Starting at the first line of the listing below, repeat each line exactly until you have repeated the one containing "蒜米、姜蓉、青蒜准备好。"; skip the pictures.

Data extracts:
= = = = =
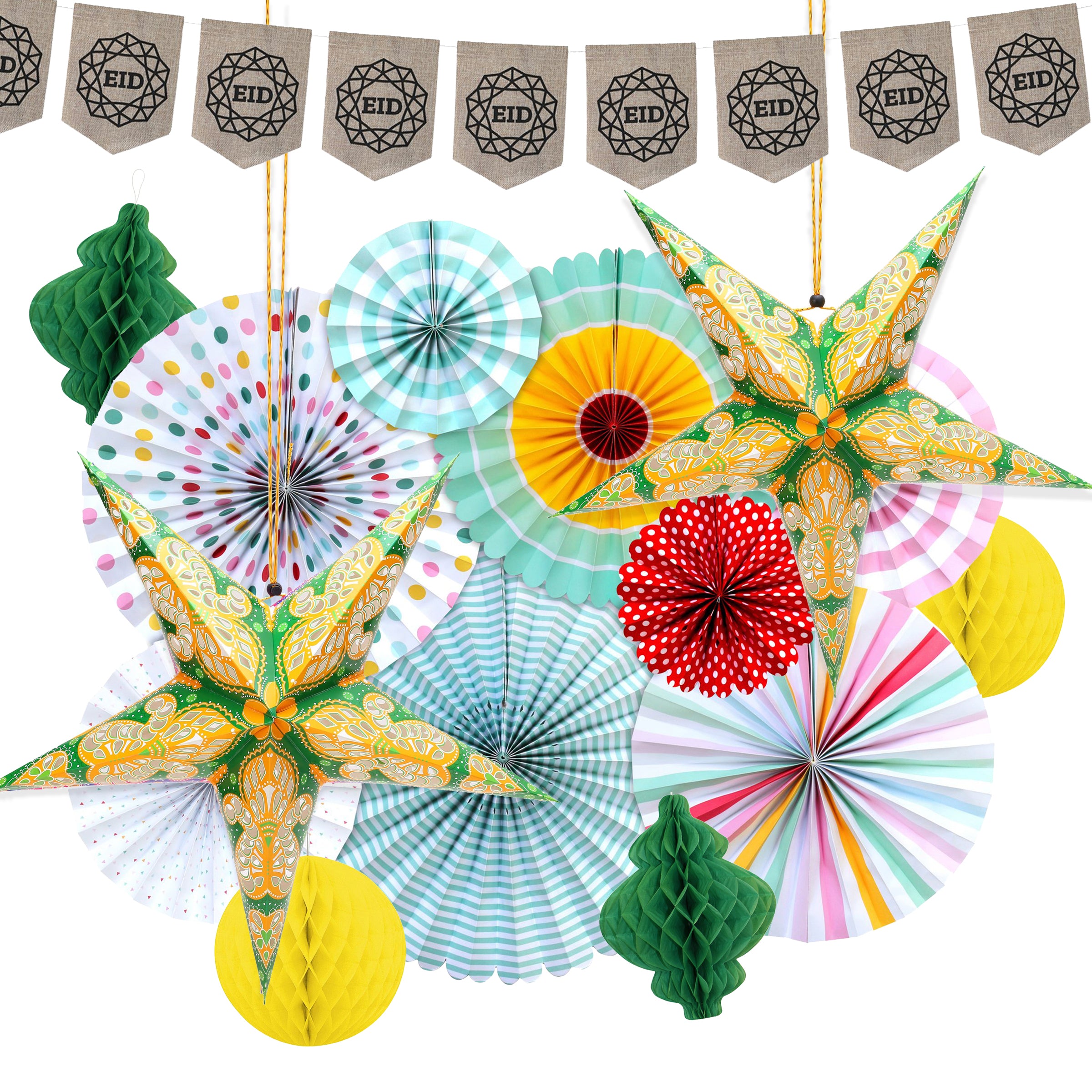 Hessian Geo Bunting, Pastel Fans, Large Green & Pink Stars + Yellow & Green Honeycomb Lantern Decoration SET 23
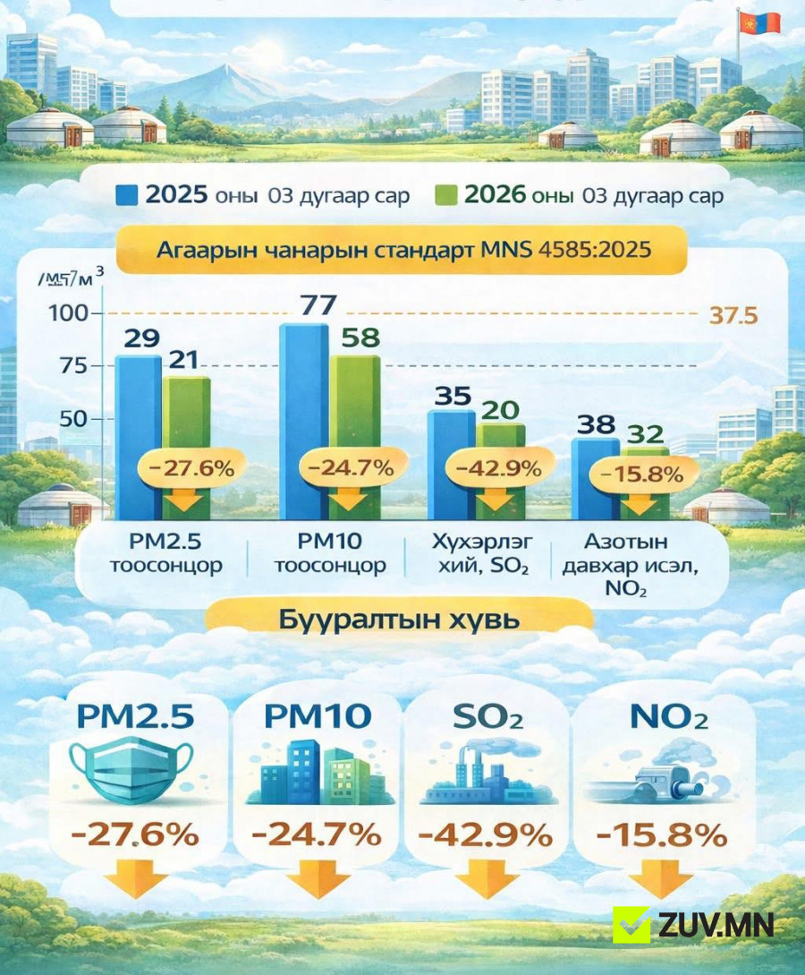 Цаг уур, орчны шинжилгээний газраас Улаанбаатар хотын агаарын чанарын 2026 оны 03 дугаар сарын төлөв байдлын мэдээллийг гаргалаа.
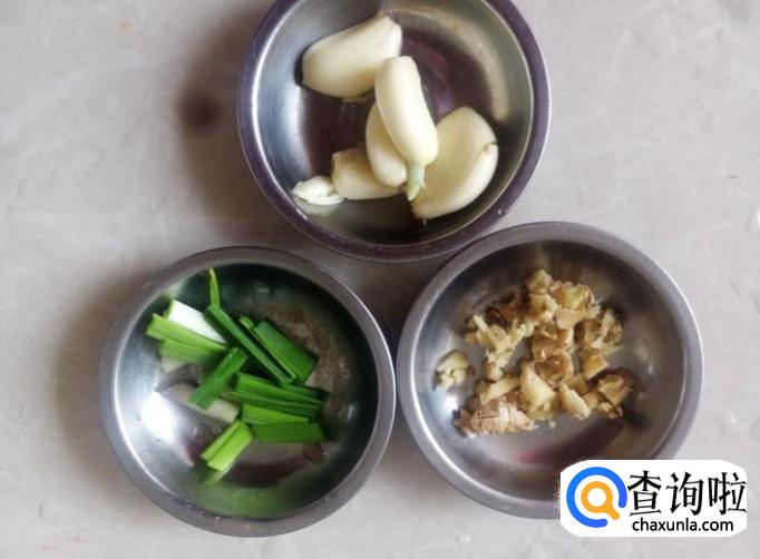 蒜米、姜蓉、青蒜准备好。
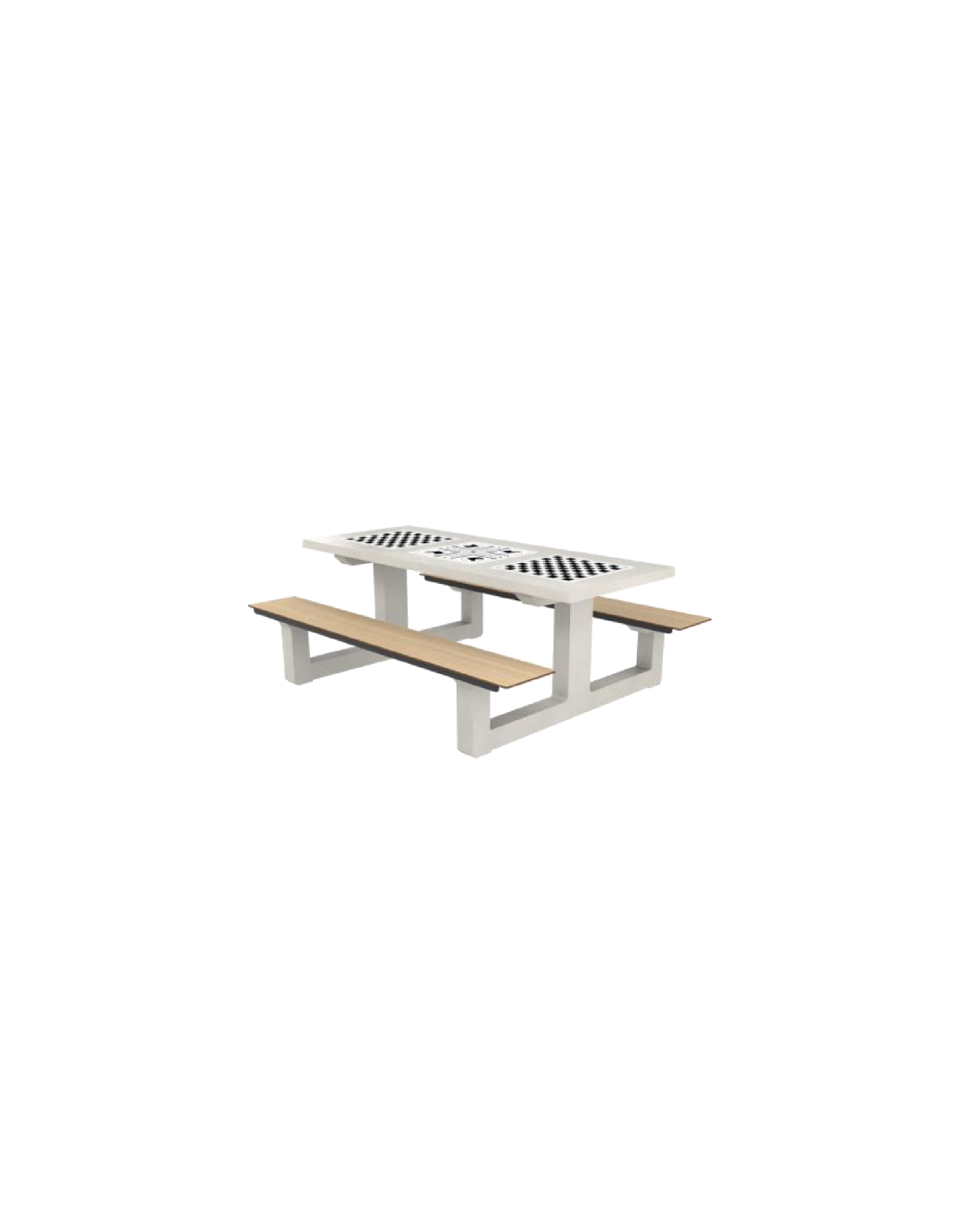 Table extérieure avec assises intégrées et 3 jeux – structure monobloc à fixer au sol – Capacité : 6 places – Plateaux de jeux intégrés : dames, échecs et petits chevaux – Matériaux : Structure en béton teinté blanc sablé, assises et plateau en compact HPL finition chêne clair, éléments en acier traité anticorrosion et poudré anti-UV – Robuste, résistante aux chocs, aux intempéries et adaptée aux zones à forte fréquentation – Faible entretien – Fixation : en 4 points – Garantie : 10 ans
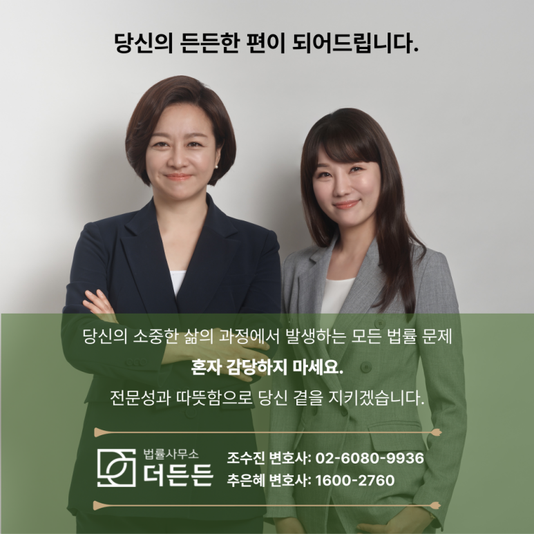 풍부한 경험과 전문성을 갖춘 더든든 법률사무소와 함께 하시기 바랍니다. 당신의 정당한 권리를 지키고, 새로운 삶의 시작을 든든하게 응원하겠습니다. 로블리 추은혜 였습니다. :)
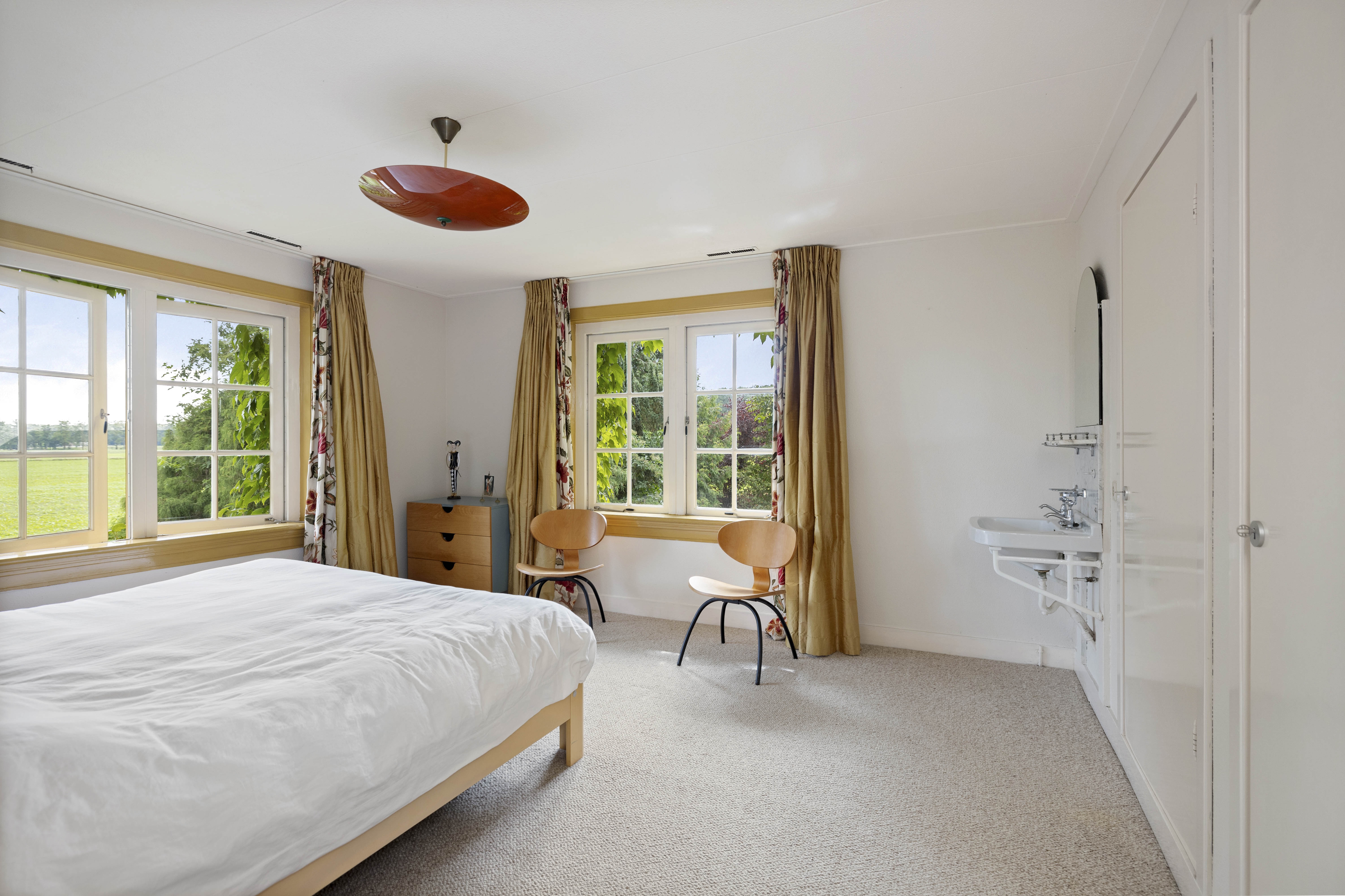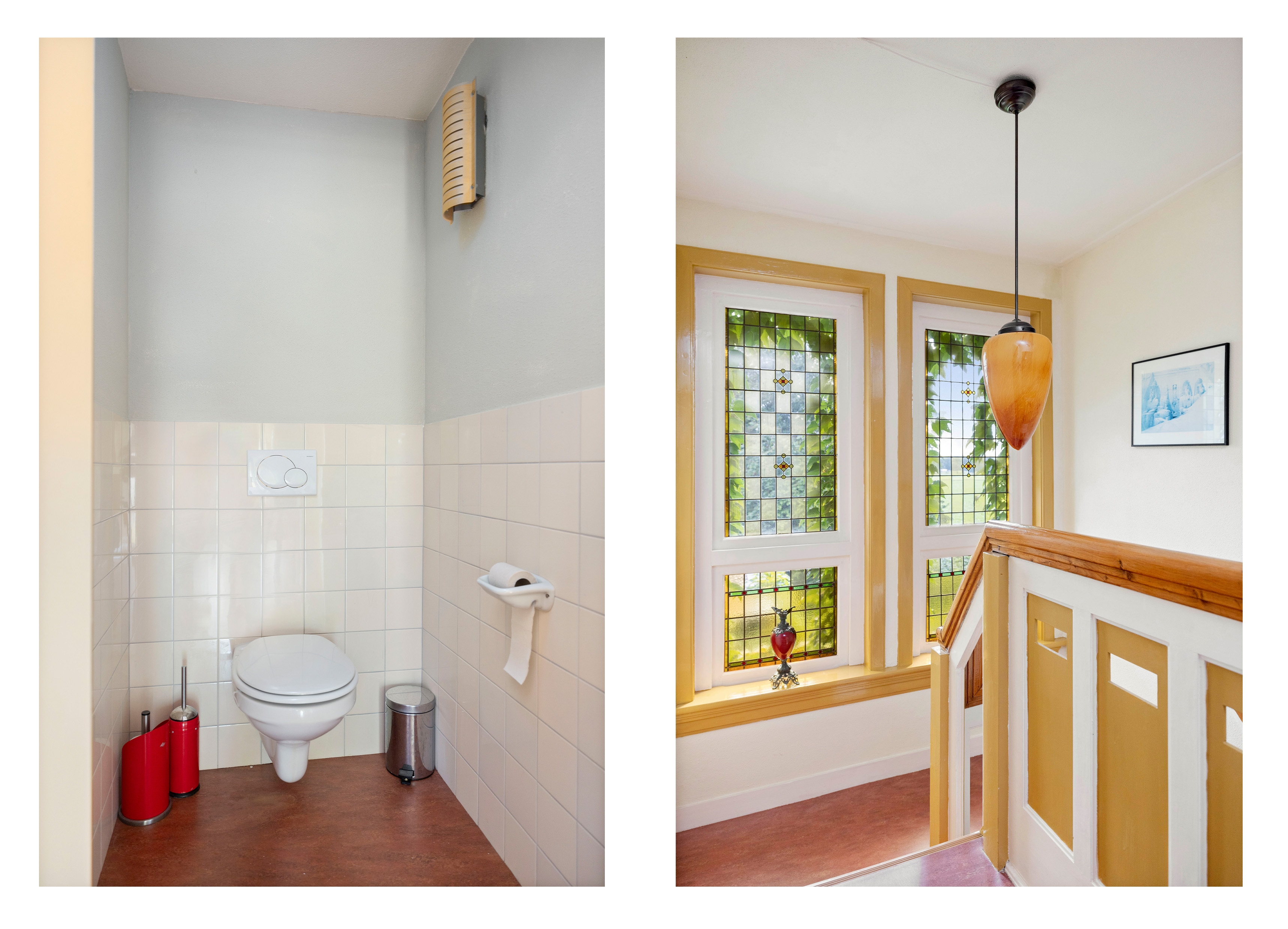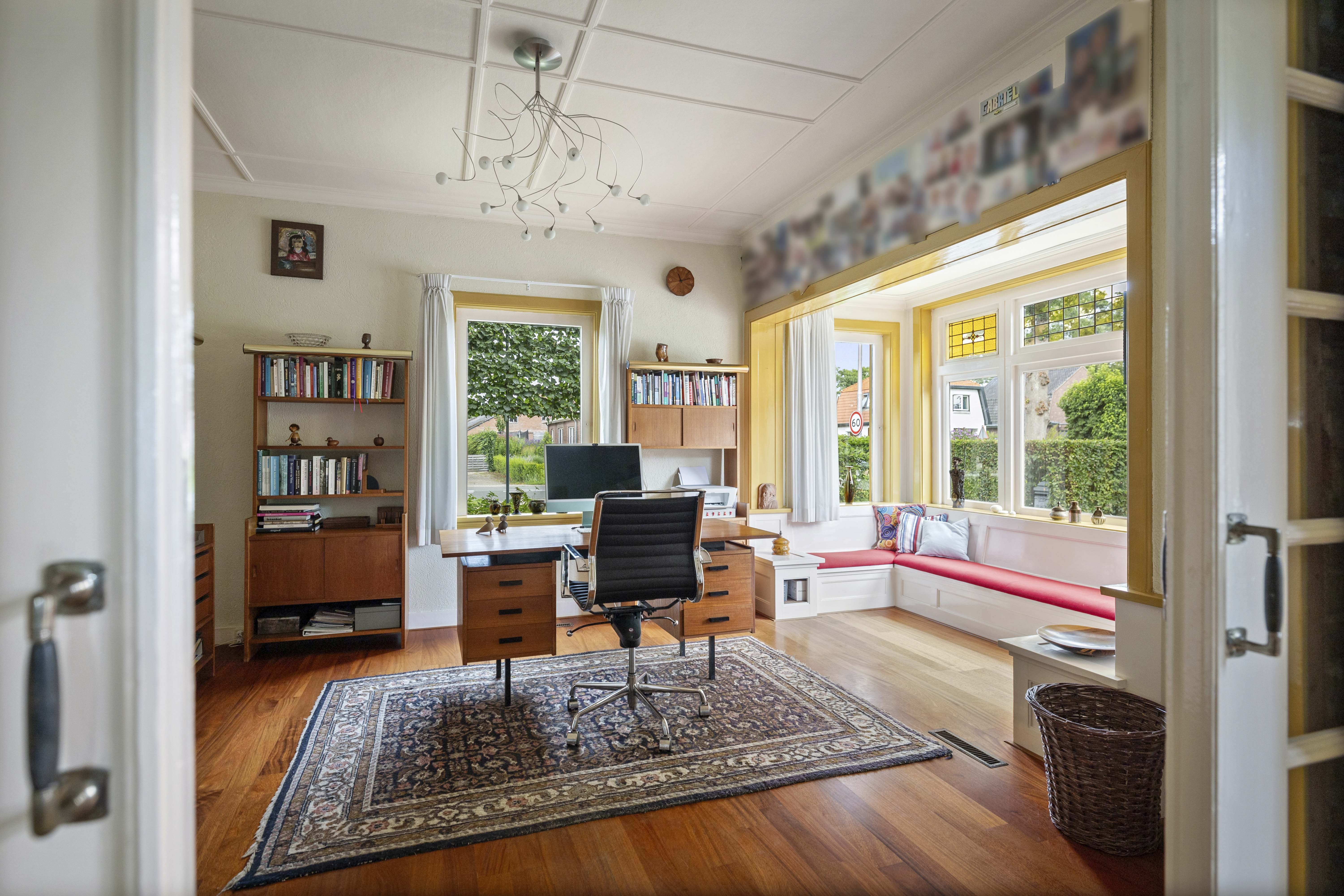 Like many of his colleagues, Bakker designed “total works of art”; exterior and interior flowed effortlessly into one another and every detail was carefully considered. From the stepped bridge in the hall to how the sunlight would scatter the colours of the stained-glass skylights across the floor, the ceilings, the staircase, the bay window, the glazing bars and the unique pentagonal window in the garden room – everything is part of the whole. A house with a character all of its own.
= = = = =
Expected answer:
 Hessian Geo Bunting, Pastel Fans, Large Green & Pink Stars + Yellow & Green Honeycomb Lantern Decoration SET 23
 Цаг уур, орчны шинжилгээний газраас Улаанбаатар хотын агаарын чанарын 2026 оны 03 дугаар сарын төлөв байдлын мэдээллийг гаргалаа.
 蒜米、姜蓉、青蒜准备好。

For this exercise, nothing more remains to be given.